With all due respect @sargentodiaz , will you participate other than the OP?

I mean, I rarely start threads, but when I do, I always try to answer ALL those that took the time to reply or state their opinions. 

Courtesy can come back around to you

----------


## sargentodiaz

> With all due respect @sargentodiaz , will you participate other than the OP?
> 
> I mean, I rarely start threads, but when I do, I always try to answer ALL those that took the time to reply or state their opinions. 
> 
> Courtesy can come back around to you


I always try to participate when the responses are to the OP and not other off-the-wall responses.

----------


## Ginger

I like this ^

----------


## sargentodiaz

I'm going to make future Olympic posts in the Sports thread where they belong.

----------


## Calypso Jones

> I like this ^



I don't see a lot of MEN.  I see women. I see minorities.  I see a homo or more...but where are the men? 

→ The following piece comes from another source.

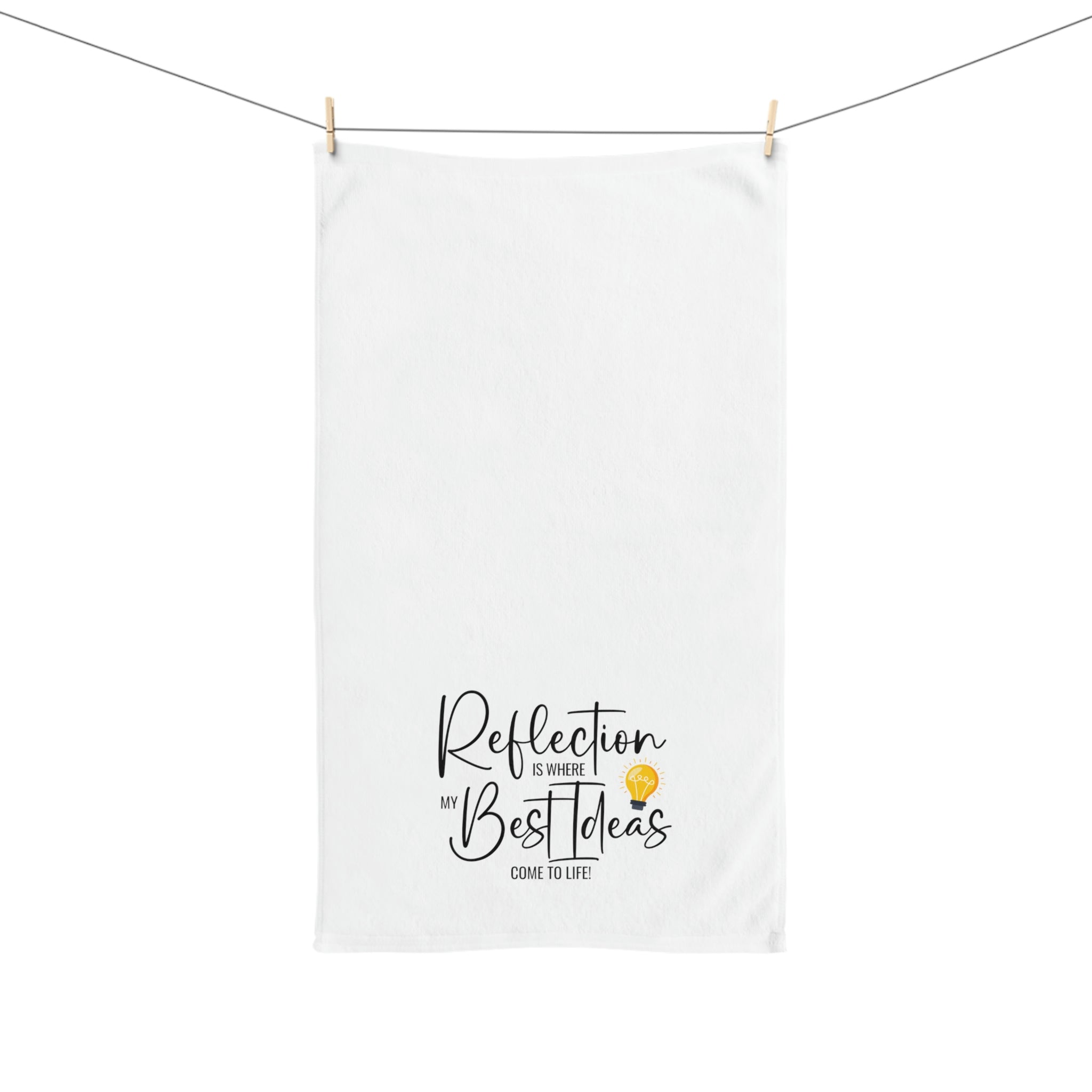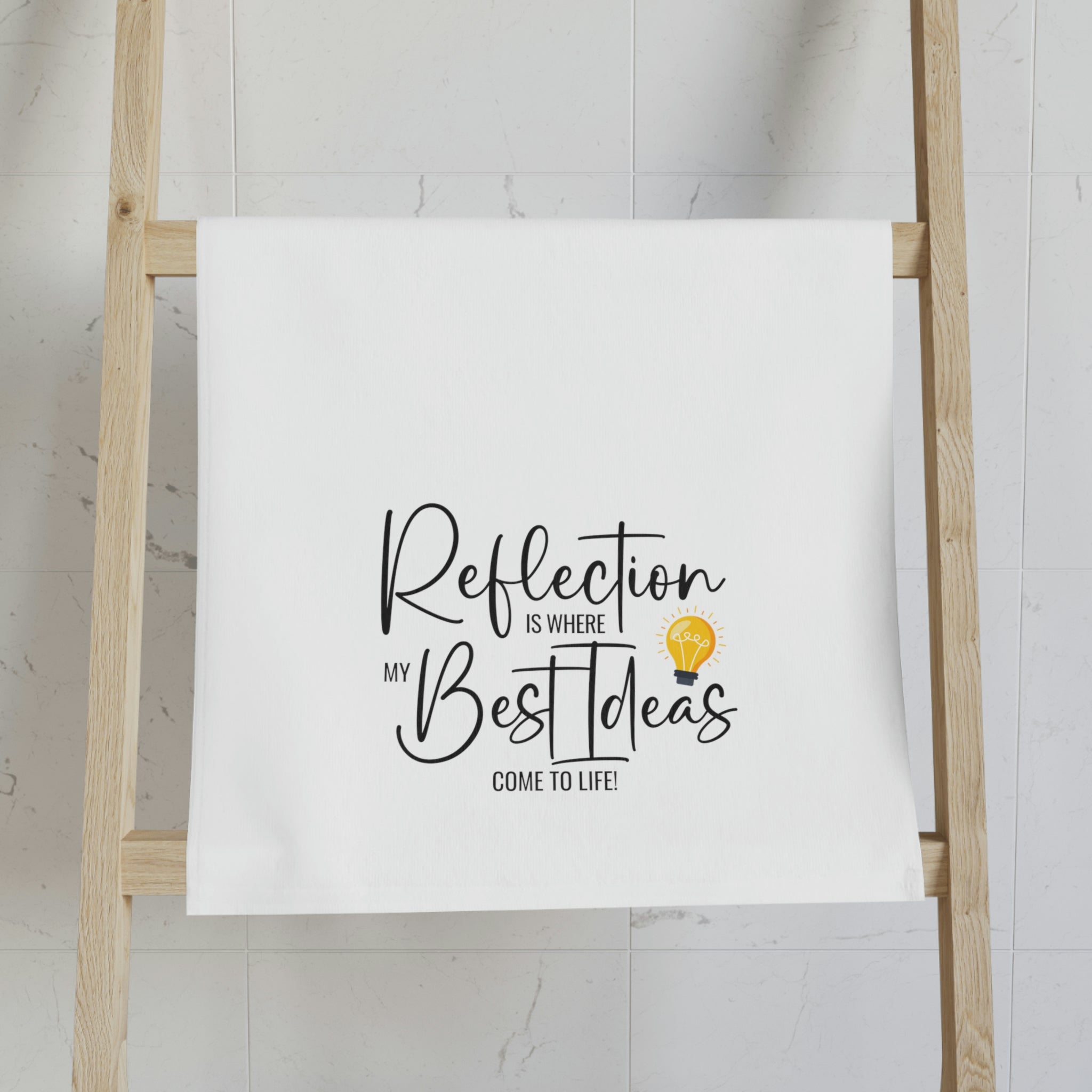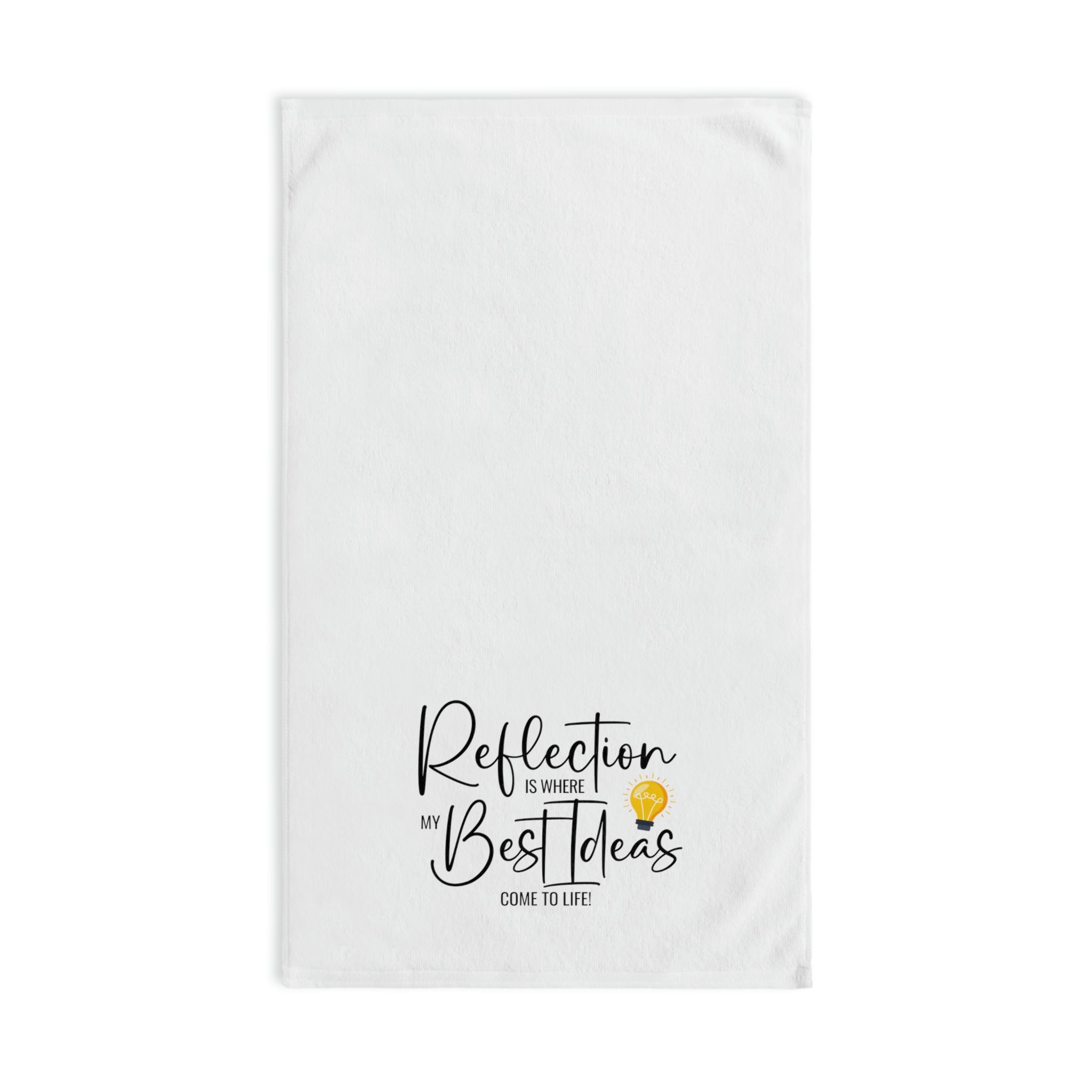 The "Reflection Is Where My Best Ideas Come To Life" hand towel makes for an easy way to add some extra personality to your home.

and where are the ratings. Is it true that americans are as sick of PC Olympics as they are of Hollywood?  Down from Sochi.

http://deadline.com/2018/02/olympics...bc-1202284486/

----------


## Daily Bread

Globalization has succeeded and the big bad American male has been ostracized and marginalized . Now the world can compete at the lower standards . They were winning until testosterone made its resurgence in the White House but we're going to need a change in societies attitudes to make a full comeback . It's going to take a full generation to bring back that torch and we'll need another term from Trump and a serious intervention in our educational priorities .

----------


## sooda

I went to the Winter Olympics in Innsbruck in 1964.. It was great .. especially the ice hockey. The Russians took their second gold medal.

----------


## TPP

With no NHLers in the Olympics this year, the hockey could be quite interesting, if not with the very best players.

----------


## OverDrive

As of today, Thurs, the US women are tearing up the US men in medal count!!

----------


## sargentodiaz

Has anyone beside me noticed the awesome number of vacant seats at almost every venue?

----------